For my money, I recommend an i7 processor (4770k or 4790k are my favorites and nice NVIDA card. In fact, you can get a 760 (does a FINE job with FSX) for a pretty good price, and going with a newer card isn't going to get you much.  That's the system I run, and I will shortly be building another to patch together for a home cockpit. Prior to this I ran FSX on several other builds including i7-920, 930 and 960.  The 4770k doesn't even get warm (though mine are water cooled) running FSX with a full cadre of high end addons/scenery and I don't even know what a stutter looks like, and I also run across three monitors and stream every flight. No need to Overclock that system either.

 

Hopefully this will aid you in your research.

Dave Hodges

 

System Specs:  I9-13900KF, NVIDIA 4070TI, Quest 3, Multiple Displays, Lots of TERRIFIC friends, 3 cats, and a wonderfully stubborn wife.

Posted

Autogen and traffic settings are really CPU dependent. With your setup you shouldn't go over 20% or think about the freeware traffic manager if you must have that high of settings. I'd also consider the freeware traffic manager program. It'll let you see lots of traffic around you and cull out the junk you can't see.

 

Even with an OC I7 the best you can hope for at a heavy airport is 22-25 FPS at higher settings. So you really need to decide if it's worth it

 

DX10 can help you free up a bit more of the 4 GB VAS limit as it is not directly tied to the 4GB limit as DX9 is but you will need the DX10 fixer to have a good experience with it. I'm sure you get OOM's as a result of your traffic settings...

 

The bottom line is that the CPU must be able to feed the GPU fast enough , if it can't you get what you have, That is seemingly low GPU usage as the main program thread is already maxed at 100% and can't push instructions to the GPU any faster.
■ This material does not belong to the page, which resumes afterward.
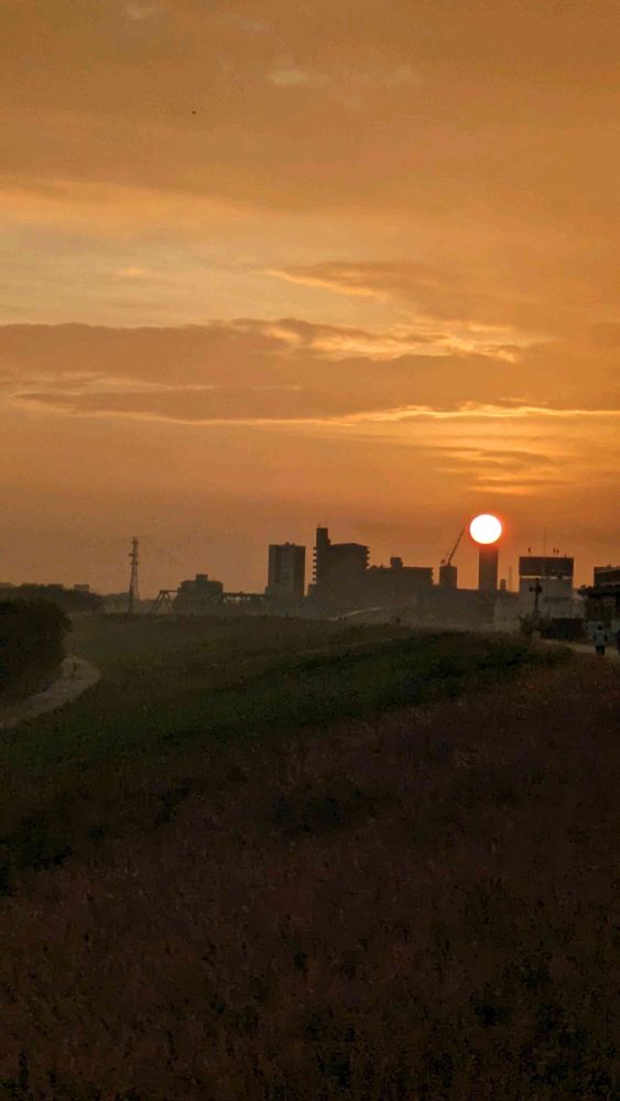 🏢に朝日が…まさにプロの腕前ですね🦾

Anything beyond 4 physical cores you need to go for highest single threaded CPU performance you can afford.

Posted

Thanks Dave and Steve.  I knew FSX takes a large system to run and I'm happy with the setting not turned up all the way, however I thought I might get better than 6fps.

 

The thing that struck me the most was getting less than 20% GPU usage in FSX.  As I said previously CoD Modern Warfare 3 using upwards of 60%, and Battlefield 4 uses very close to 100% of my GPU.  Now I didn't buy my new GPU exlusively for FSX, I bought it for other games such as the ones I just mentioned and  just assumed that it would make a difference with FSX.  The new GPU made a huge difference to three of my games I have tried since installing it, but nothing to FSX.  If I can get away with a few hundered dollars for a new processor then I will buy one, however if that won't make a noticable difference to FSX I may have to re-think it.  As I said I didn't buy the new GPU for FSX so I didn't research problems with FSX and graphics cards.

 

I will now, however read up from the suggestions you made and try to find a new processor that will improve my system as well as no costing me an arm and a leg.

 

Cheers again guys

Mark

Posted

 

For my money, I recommend an i7 processor (4770k or 4790k are my favorites and nice NVIDA card. In fact, you can get a 760 (does a FINE job with FSX) for a pretty good price, and going with a newer card isn't going to get you much.  

 

I went for this exact setup after doing some research before building a rig for FSX, and its (almost) perfect. Around 20 FPS in really heavy scenarios with PMDG, Active Sky NEXT and mega airports, which is OK. A GTX 780 Ti would probably yield another 3-5 FPS, but in my opinion its not worth it.